← Projects

Design System — Bluelearn

Built a robust, scalable design system using Atomic Design methodology for India's largest student community.

Design SystemsFigmaProduct Design2023

Overview

Bluelearn is India's largest community of students with over 100k members, focused on helping students from Tier 2/3 colleges break free from traditional boundaries and find like-minded people to upskill.

I worked alongside Vinit Sarode to build a design system from the ground up that could scale with the product.

The approach

We used Atomic Design methodology with three levels:

  1. Atoms — Basic design elements with comprehensive style documentation (colors, typography, spacing, radii, shadows)
  2. Molecules — Combined atomic components (input groups, card headers, nav items)
  3. Organisms — Complex composite components (forms, cards, navigation bars)

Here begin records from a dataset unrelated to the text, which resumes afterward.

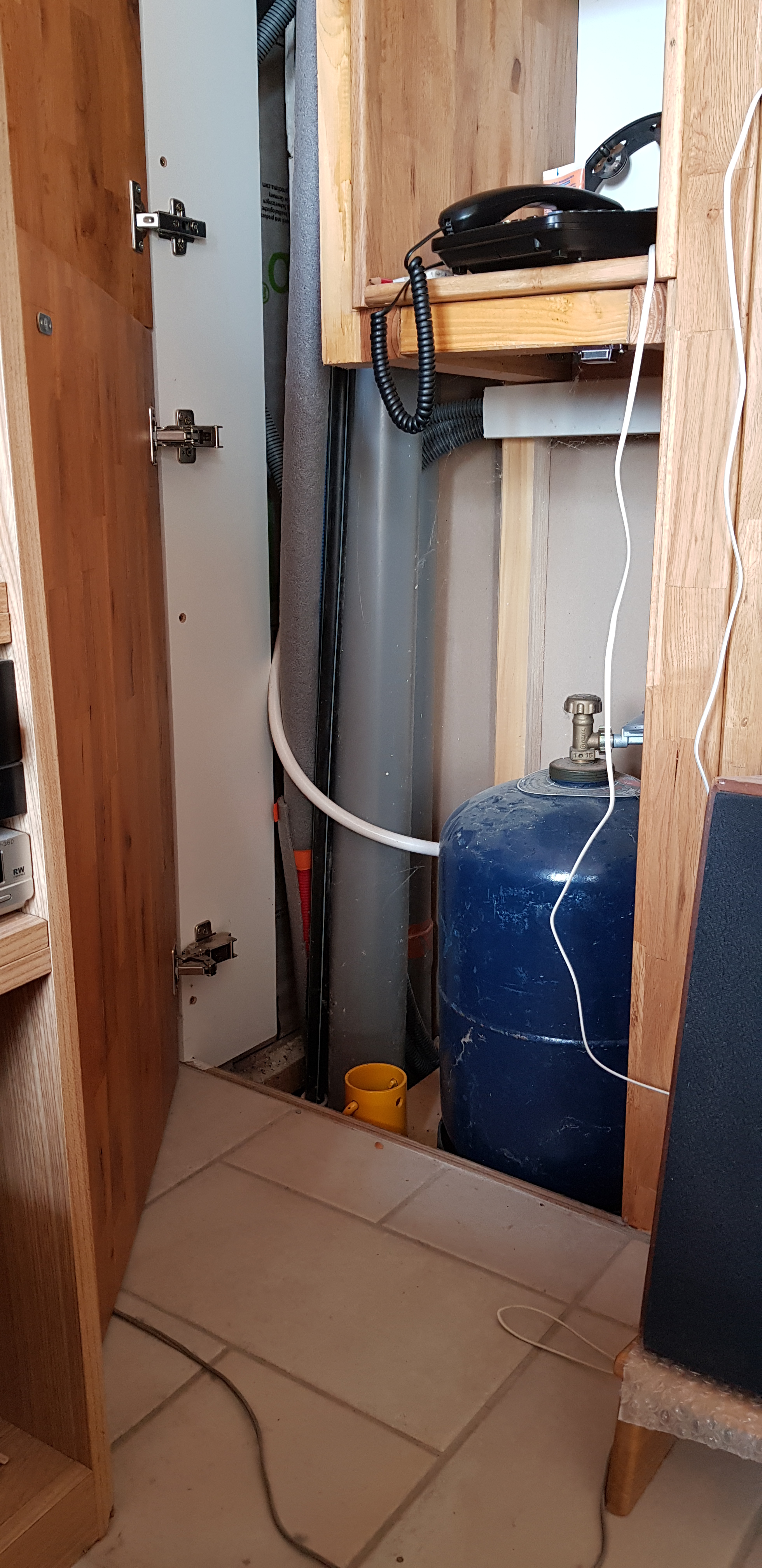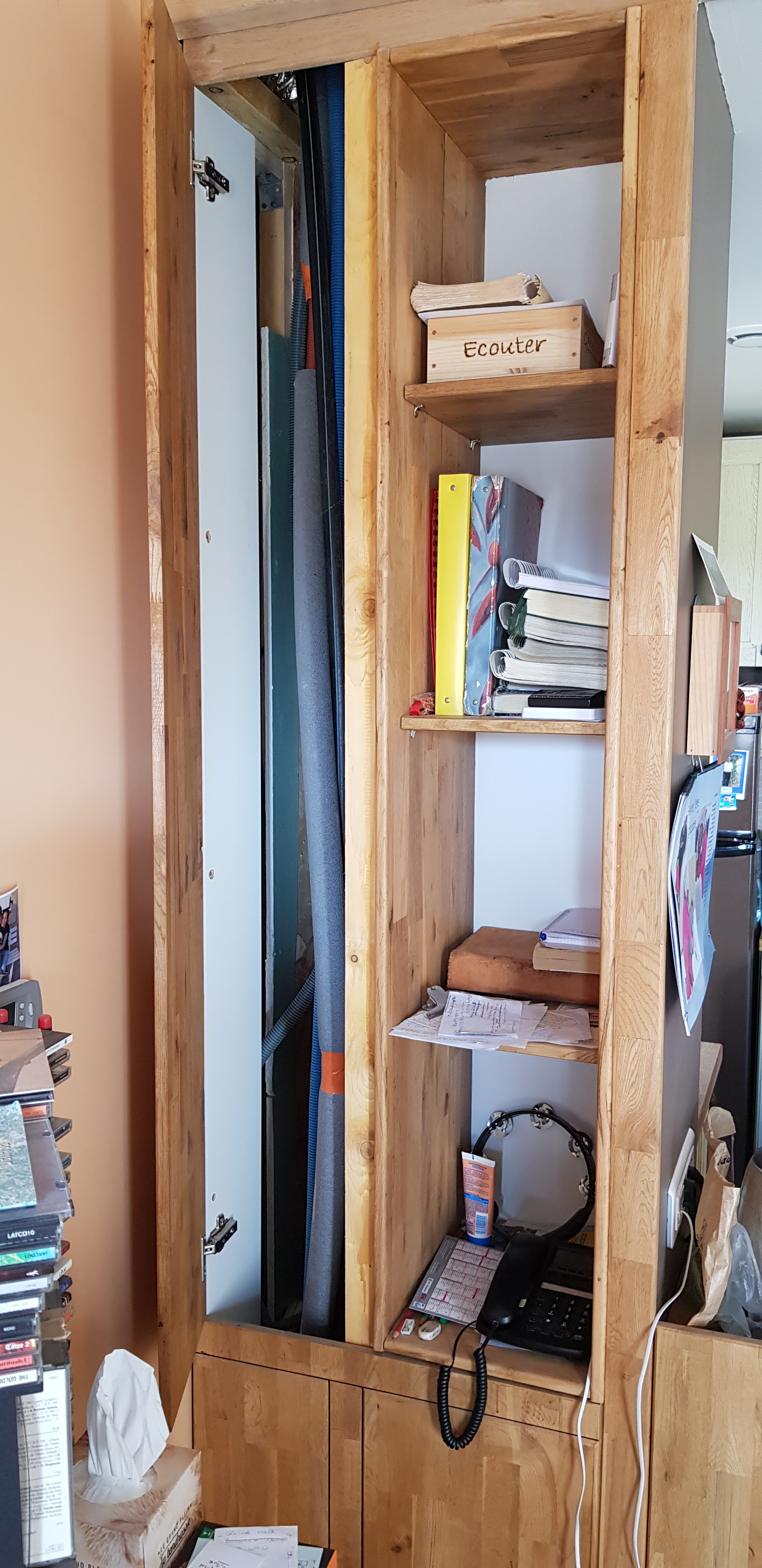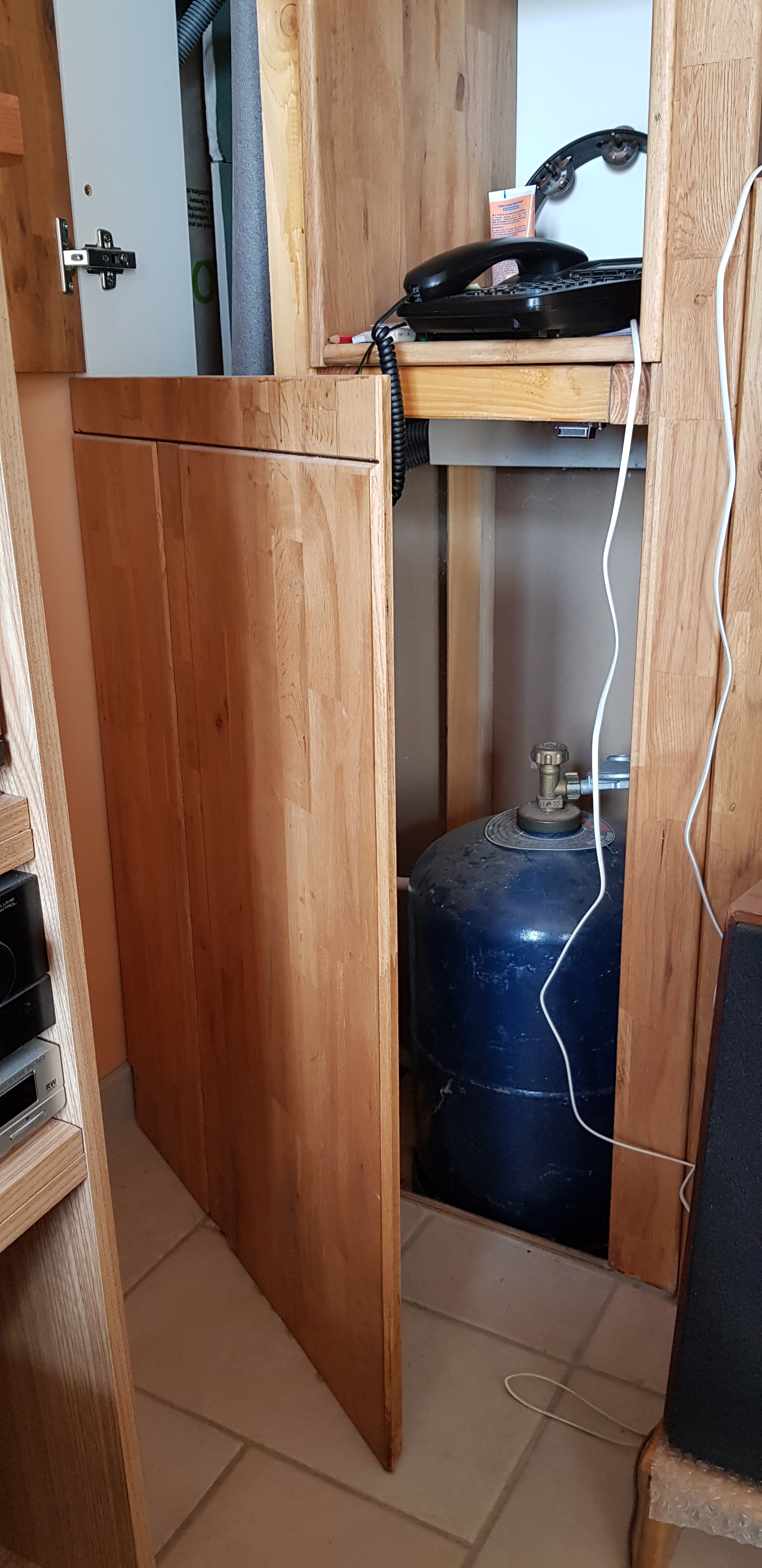 Portes de placards assorties et bibliothèque pour dissimuler les tuyaux des colonnes montante et descendante d'eau et la bouteille de gaz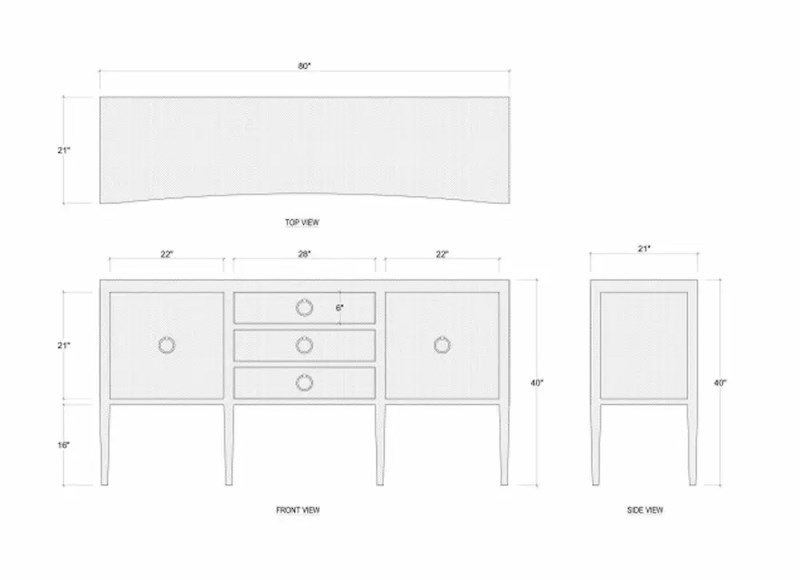 This gray linen wrapped cabinet features a beautiful concave front and plenty of storage. It is suitable to be used as a sideboard in your dining area or as a console in your entryway or living room. All finishes are applied by hand so that slight variances are to be expected and only add to the unique character of each piece.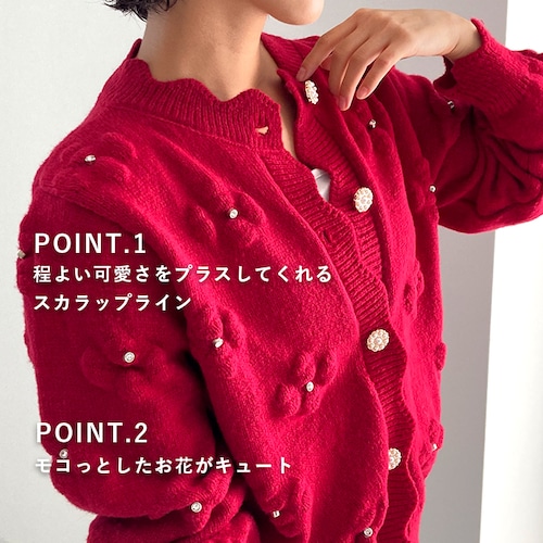 ニットカーディガン レディース トップス 花柄 花 ぷっくり 長袖 ニット ビジュー スカラップ 大人可愛い ふんわりニット カーディガン 大人カジュアル 高見え 肌触り 定番デザイン 上質 体型カバー 着やせ 着回し 大人の定番 華奢見え ママコーデ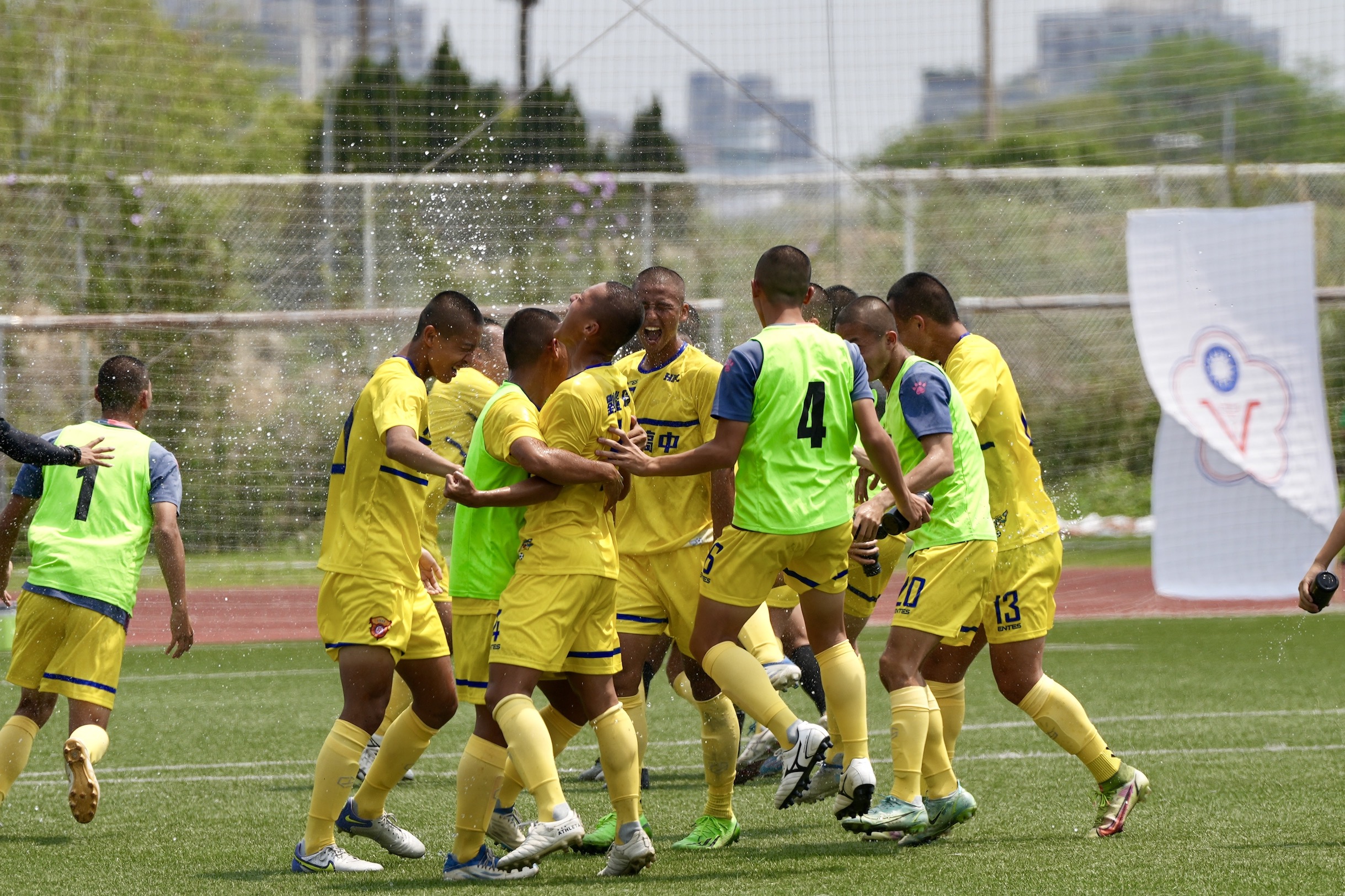 另外,上學年高男組亞軍北門高中,和上學年第4名中山工商在正規時間踢成3比3平手,北門最後在PK大戰以4比3獲勝,晉級四強。在PK大戰踢進最後致勝一球的劉鎧瑞,欣然接受隊友潑水「洗禮」。

We intentionally excluded Templates and Pages layers — the product was early-stage and needed room for experimentation.

Tools

  • Figma — Component library, documentation, handoff
  • Miro — Workshop sessions, information architecture
  • Notion — Documentation, decision logs
  • Nativebase — Component library reference for dev parity

File organization

We started with one massive Figma file. It crashed constantly — RAM issues, loading times, merge conflicts.

We restructured into a three-tier hierarchy:

  • Level 1: Departmental divisions
  • Level 2: Feature-based files (solved the single-file performance problem)
  • Level 3: Pages within each file

Key learnings

The biggest win was adding descriptions to component documentation. Developers could reference usage notes directly in Figma instead of guessing. This eliminated a class of implementation bugs that came from misinterpreting component behavior.

When we needed to change the primary color, we changed one token and 200-300+ screens updated automatically. That's the power of building from atoms up.

The real lesson

A design system is a product. It needs users, feedback loops, versioning, and maintenance. If you treat it as a side project, it will die as a side project.